What is expected: Line by line, repeat the data below exactly, beginning at the first line and ending at the line with "車禍發生時,後方有轎車駕駛看". Omit pictures.

Records for this exercise:
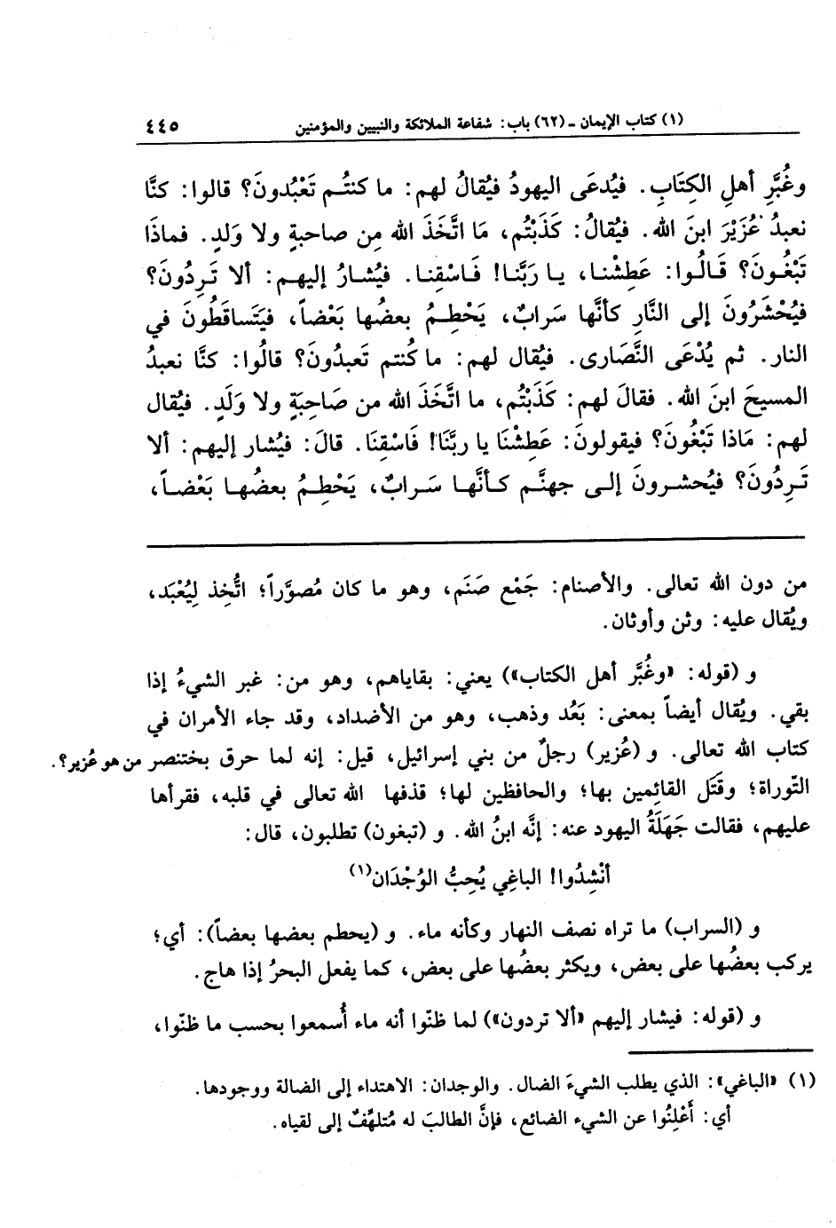 وَغُبَّرِ أهل الكِتَابِ. فُيدعَى اليَهُودُ فَيُقَالُ لَهُم: مَا كُنتُم تَعبُدُونَ؟ قَالُوا: كُنَّا نَعبُدُ عُزَيرَ ابنَ اللهِ. فَيُقَالُ: كَذَبتُم، مَا اتَّخَذَ اللهُ مِن صَاحِبَةٍ وَلا وَلَدٍ. فَمَاذَا تَبغُونَ؟ قَالُوا: عَطِشنَا، يَا رَبَّنَا! فَاسقِنَا. فَيُشَارُ إِلَيهِم: أَلا تَرِدُونَ؟ فَيُحشَرُونَ إِلَى النَّارِ كَأَنَّهَا سَرَابٌ، يَحطِمُ بَعضُهَا بَعضًا، فَيَتَسَاقَطُونَ فِي النَّارِ. ثُمَّ يُدعَى النَّصَارَى. فَيُقَالُ لَهُم: مَا كُنتُم تَعبُدُونَ؟ قَالُوا: كُنَّا نَعبُدُ المَسِيحَ ابنَ اللهِ. فَيُقَالُ لَهُم: كَذَبتُم، مَا اتَّخَذَ اللهُ مِن صَاحِبَةٍ وَلا وَلَدٍ، فَيُقَالُ لَهُم: مَاذَا تَبغُونَ؟ فَيَقُولُونَ: عَطِشنَا، يَا رَبَّنَا! فَاسقِنَا. قَالَ: فَيُشَارُ إِلَيهِم: أَلا ترِدُونَ؟ فَيُحشَرُونَ إِلَى جَهَنَّمَ كَأَنَّهَا سَرَابٌ، يَحطِمُ بَعضُهَا بَعضًا،
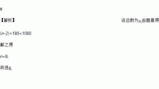 若一个多边形的内角和等于1080°,则这个多边形的边数是( )
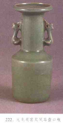 瓷器耳的一種式樣,即器物的耳作成鳳形。最早見于宋代龍泉窯青瓷瓶上,其造型為盤口、細(xì)長頸、折肩、直腹。頸部置對稱的雙鳳耳。日本人阪和泉久保傯紀(jì)念美術(shù)館收藏的一件龍泉窯青瓷雙鳳耳瓶被定為日本國寶。清代景德鎮(zhèn)窯瓷器上亦有所見。如康熙茄皮紫釉鳳耳蒜頭口瓶、乾隆豆青釉青花鳳耳瓶等。(見圖222)
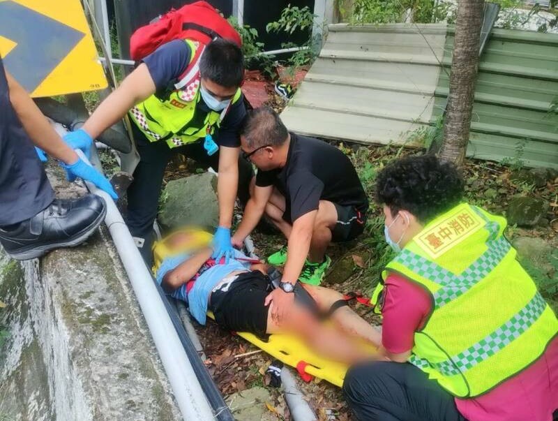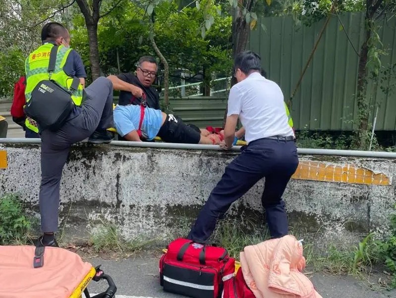 車禍發生時,後方有轎車駕駛看到騎士自撞,人噴飛消失後,多位駕駛停車查看,光田醫院向上院區緊急救護組救護員林俊良開車經過,看到前方車禍下車急救,先打一一九,接著評估患者狀況並做CPR(心肺復甦術),再等消防隊救護車到場。
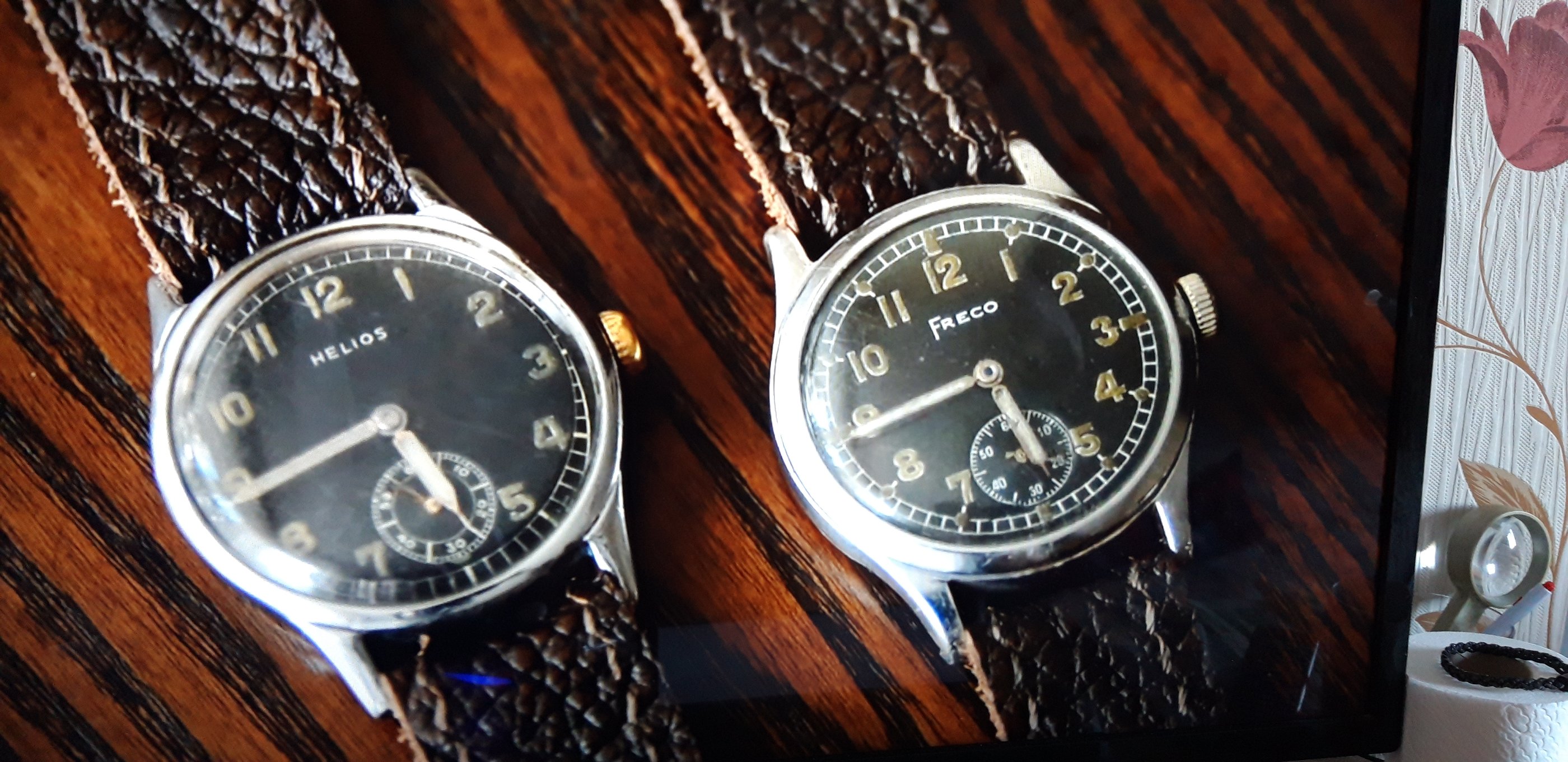 leidsin intrnetist huvitava teema, mida meil varustuse all ei ole. kelli hakkasid tootma Saksa armee jaoks 2 Sveitsi firmat Helios ja Freco, nad olid põrutuskindlad,roostevabast korpusega ja plast klaasiga ning musta sihverplaadiga.rihm oli valmistatud lehmanahast.kelli hakati tootma 1930 paiku.kella tagaküljel oli D kella nr.H täht heer.kuna kell oli saksa riigi omand,kanti kella nr, sõduri raamatusse sisse ja ta pidi selle tagastama, või kadumise korral trahvi maksma . Freco firma kellad on haruldasemad,kuna neid tehti vähem
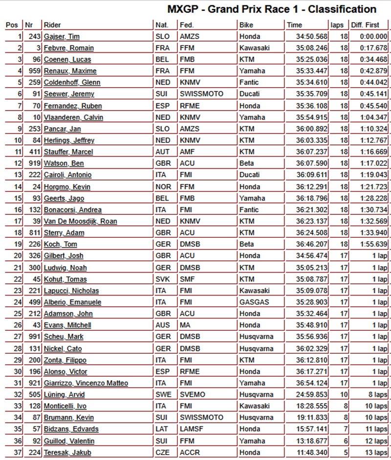 Tim Gajser heeft de eerste manche van de MXGP klasse in Arco di Trento gewonnen. Gajser vocht een spannend duel uit met Romain Febvre maar wist stand te houden tot aan de finish. Febvre viel in de slotfase waardoor hij Gajser vrij baan gaf en tweede werd. Lucas Coenen kwam als derde binnen voor Maxime Renaux en Glenn Coldenhoff.
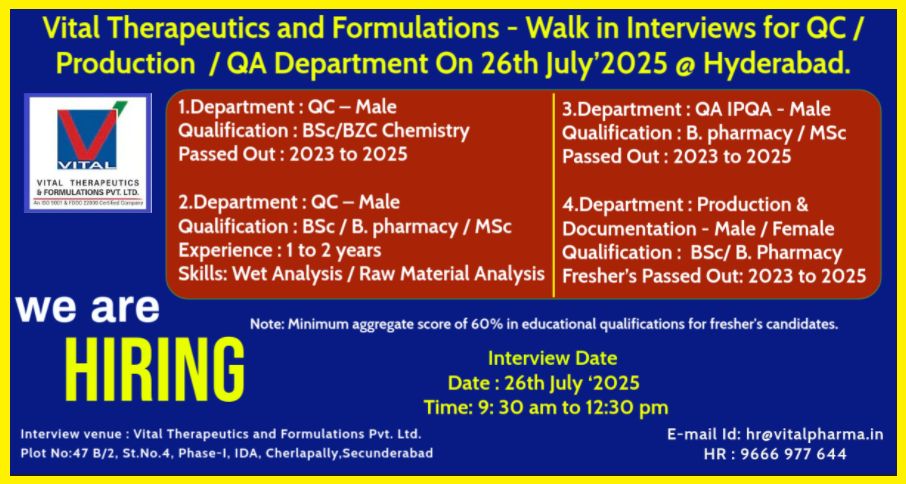 Vital Therapeutics and Formulations Pvt. Ltd., a trusted name in pharmaceutical manufacturing, is conducting a walk-in interview for multiple vacancies in the Quality Control (QC), Quality Assurance (QA), and Production departments. The company is hiring both freshers and experienced candidates with educational backgrounds in BSc, B Pharmacy, and MSc. This is a great opportunity for life science graduates looking to build a career in the pharma industry.
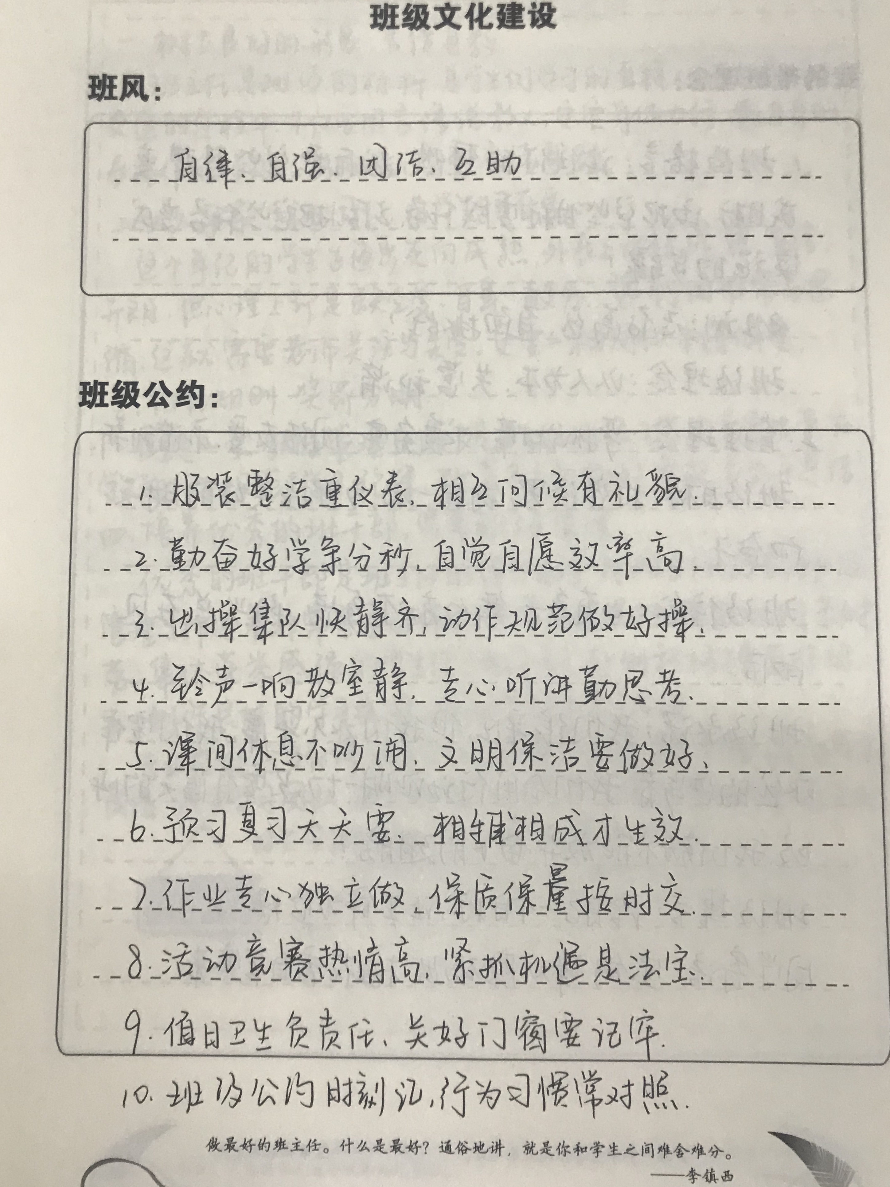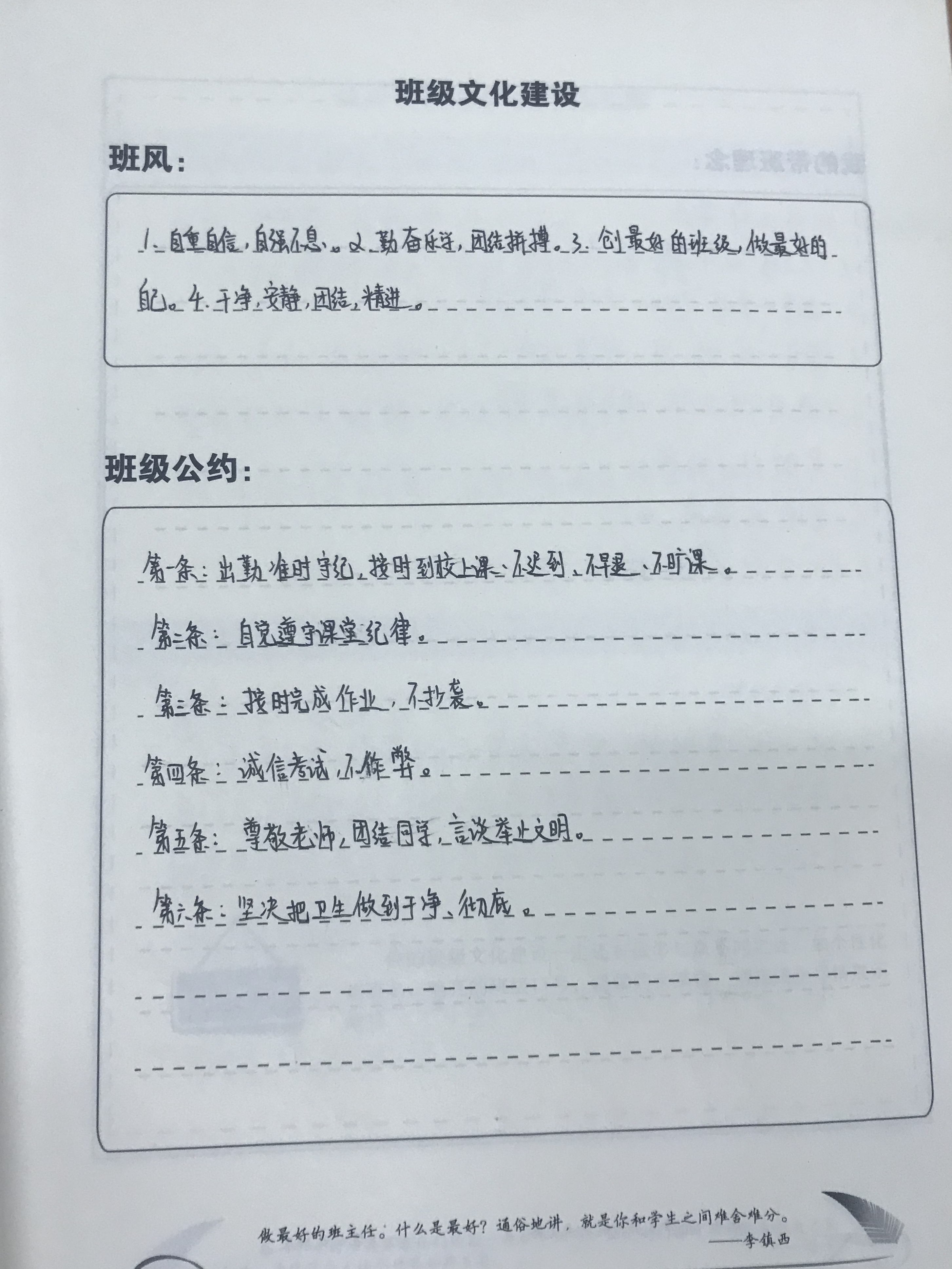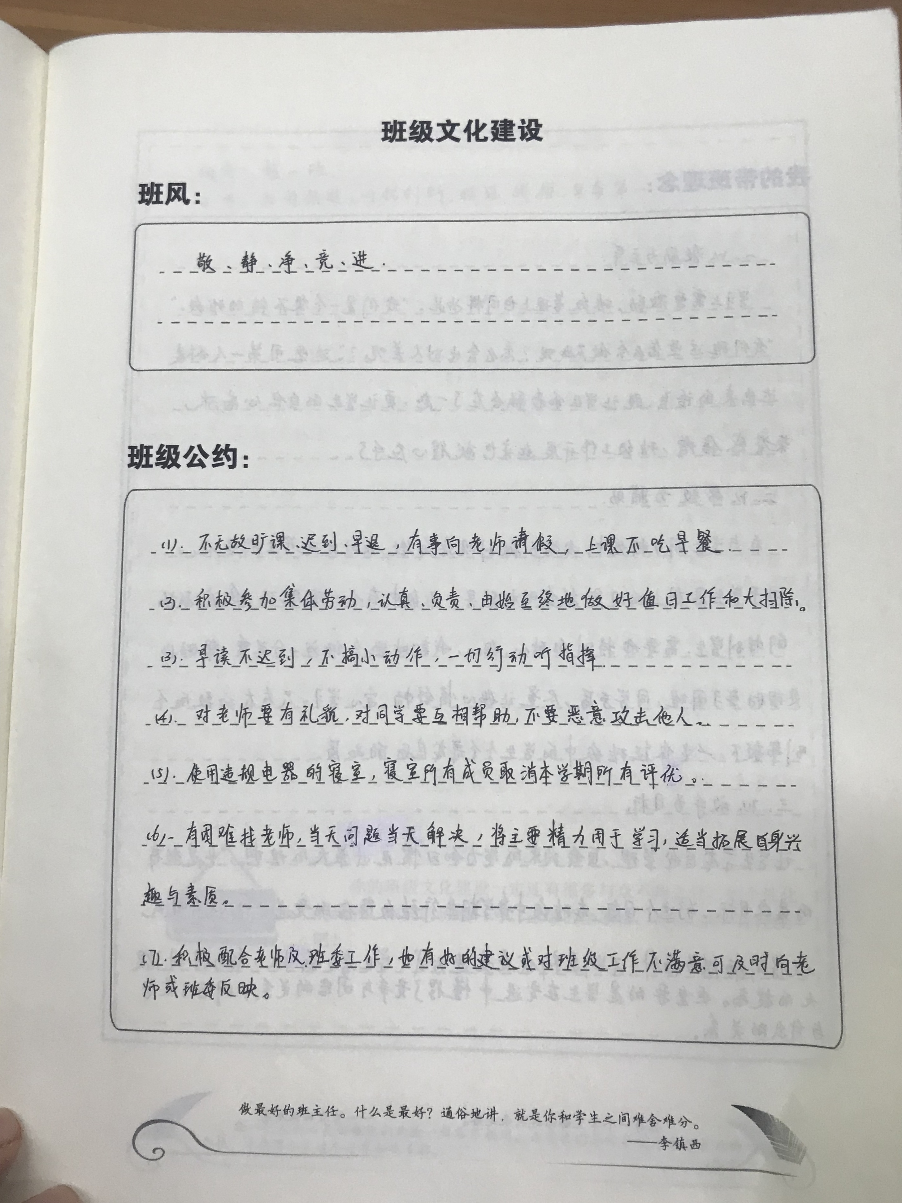 (图为兰燕老师班主任手册内容)

Task output:
 وَغُبَّرِ أهل الكِتَابِ. فُيدعَى اليَهُودُ فَيُقَالُ لَهُم: مَا كُنتُم تَعبُدُونَ؟ قَالُوا: كُنَّا نَعبُدُ عُزَيرَ ابنَ اللهِ. فَيُقَالُ: كَذَبتُم، مَا اتَّخَذَ اللهُ مِن صَاحِبَةٍ وَلا وَلَدٍ. فَمَاذَا تَبغُونَ؟ قَالُوا: عَطِشنَا، يَا رَبَّنَا! فَاسقِنَا. فَيُشَارُ إِلَيهِم: أَلا تَرِدُونَ؟ فَيُحشَرُونَ إِلَى النَّارِ كَأَنَّهَا سَرَابٌ، يَحطِمُ بَعضُهَا بَعضًا، فَيَتَسَاقَطُونَ فِي النَّارِ. ثُمَّ يُدعَى النَّصَارَى. فَيُقَالُ لَهُم: مَا كُنتُم تَعبُدُونَ؟ قَالُوا: كُنَّا نَعبُدُ المَسِيحَ ابنَ اللهِ. فَيُقَالُ لَهُم: كَذَبتُم، مَا اتَّخَذَ اللهُ مِن صَاحِبَةٍ وَلا وَلَدٍ، فَيُقَالُ لَهُم: مَاذَا تَبغُونَ؟ فَيَقُولُونَ: عَطِشنَا، يَا رَبَّنَا! فَاسقِنَا. قَالَ: فَيُشَارُ إِلَيهِم: أَلا ترِدُونَ؟ فَيُحشَرُونَ إِلَى جَهَنَّمَ كَأَنَّهَا سَرَابٌ، يَحطِمُ بَعضُهَا بَعضًا،
 若一个多边形的内角和等于1080°,则这个多边形的边数是( )
 瓷器耳的一種式樣,即器物的耳作成鳳形。最早見于宋代龍泉窯青瓷瓶上,其造型為盤口、細(xì)長頸、折肩、直腹。頸部置對稱的雙鳳耳。日本人阪和泉久保傯紀(jì)念美術(shù)館收藏的一件龍泉窯青瓷雙鳳耳瓶被定為日本國寶。清代景德鎮(zhèn)窯瓷器上亦有所見。如康熙茄皮紫釉鳳耳蒜頭口瓶、乾隆豆青釉青花鳳耳瓶等。(見圖222)
 車禍發生時,後方有轎車駕駛看到騎士自撞,人噴飛消失後,多位駕駛停車查看,光田醫院向上院區緊急救護組救護員林俊良開車經過,看到前方車禍下車急救,先打一一九,接著評估患者狀況並做CPR(心肺復甦術),再等消防隊救護車到場。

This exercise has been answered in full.